The DNSSEC testing is also insufficient. 9-11commission.gov shows
green for example but if you use DNS COOKIES (which BIND 9.10.4 and
BIND 9.11.0 do) then servers barf and return BADVERS and validation
fails. QWEST you have been informed of this already.
Why the hell should validating resolver have to work around the
crap you guys are using? DO YOUR JOBS which is to use RFC COMPLIANT
servers. You get PAID to do DNS because people think you are
compentent to do the job. Evidence shows otherwise.
I am working with pay.gov.clev@clev.frb.org, trying to explain the
problem. They seem to think I should provide "application name and ID"
before they can research this. I responded as below. I will let you know
if there is any progress on this. It is 100% reproducible here - and
should be reproducible from anywhere with a slightly smaller than normal
MTU.
We try to get to https://www.pay.gov/public/home - which fails. I
presume that is before there is any application name or ID.
Try to reach that page from a browser on a machine with ipv6
connectivity that goes thru a tunnel with a 1300 byte MTU. It will fail.
That's fine, but until someone is willing to work with them don't
expect it to get fixed.
I am working with pay.gov.clev@clev.frb.org, trying to explain the
problem. They seem to think I should provide "application name and ID"

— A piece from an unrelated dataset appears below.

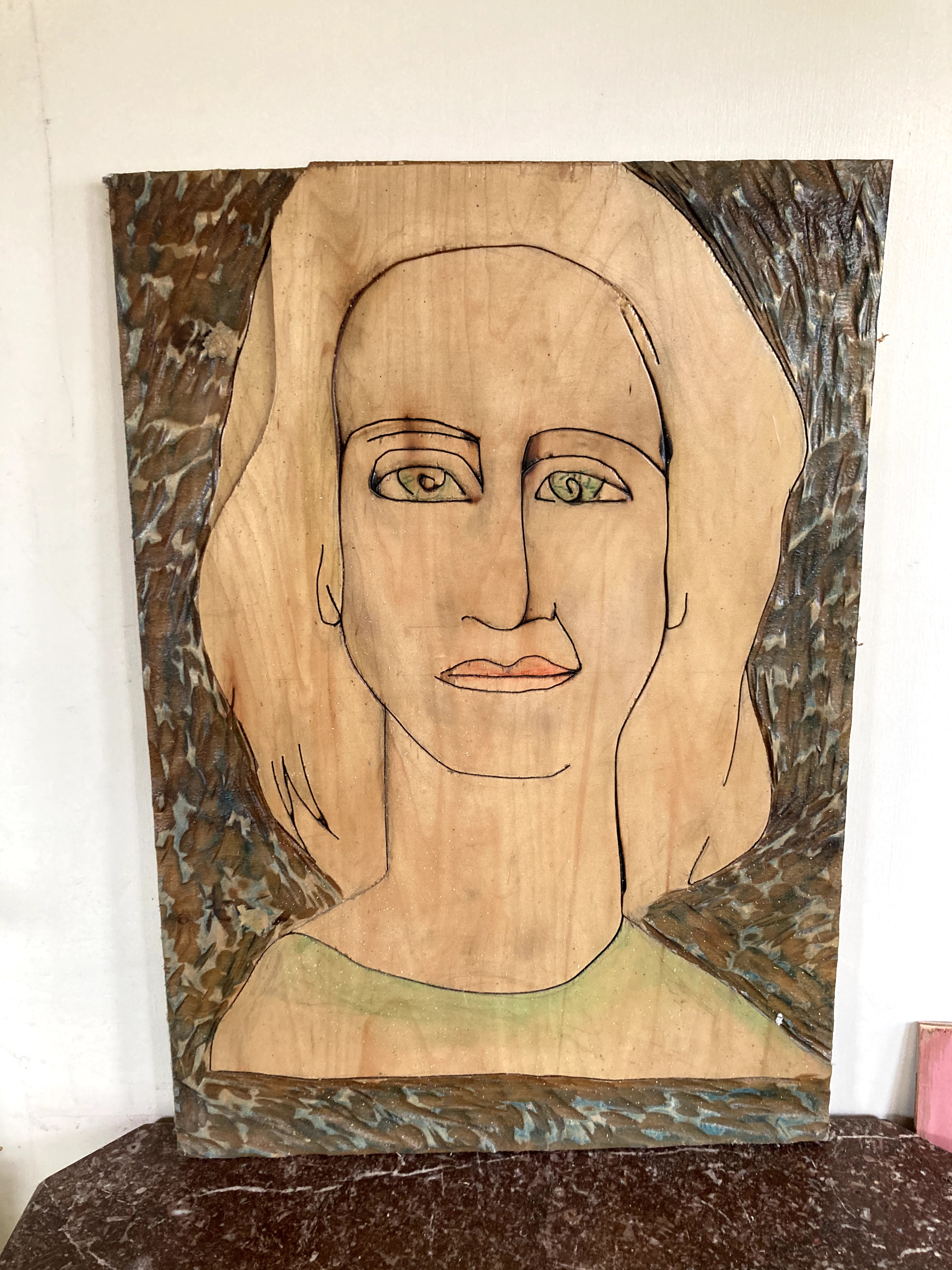 Portrait Oil on burnt, carved wood, 22×31 in. $500 If interested in purchase, please contact steveolsonartwork@gmail.com Share this: Share on X (Opens in new window) X Share on Facebook (Opens in new window) Facebook Like Loading...

before they can research this.
They probably want that so they know where to route the ticket. I
pointed them at RFC 4890 - Recommendations for Filtering ICMPv6 Messages in Firewalls
and suggested they have someone on the network team use ipv6 to
connect to pay.gov over a 1280 byte MTU link. Hopefully that's enough
to get the ticket routed to the correct group.
I responded as below. I will let you know
if there is any progress on this.
I'd appreciate that.
And thanks for being willing to work with them to fix the problem.
The DNSSEC testing is also insufficient. 9-11commission.gov shows
green for example but if you use DNS COOKIES (which BIND 9.10.4 and
BIND 9.11.0 do) then servers barf and return BADVERS and validation
fails. QWEST you have been informed of this already.
Why the hell should validating resolver have to work around the
crap you guys are using?
The protocol doesn't have proper version negotation, and again and
again, implementers have tried to force backwards-incompatible
implementations on the Internet at large.
> I am working with pay.gov.clev@clev.frb.org, trying to explain the
problem.
The intersection of government bureaucracy and technical issues is
frustrating to say the least. I just sent the message below, but have no
expectation that it will change anything.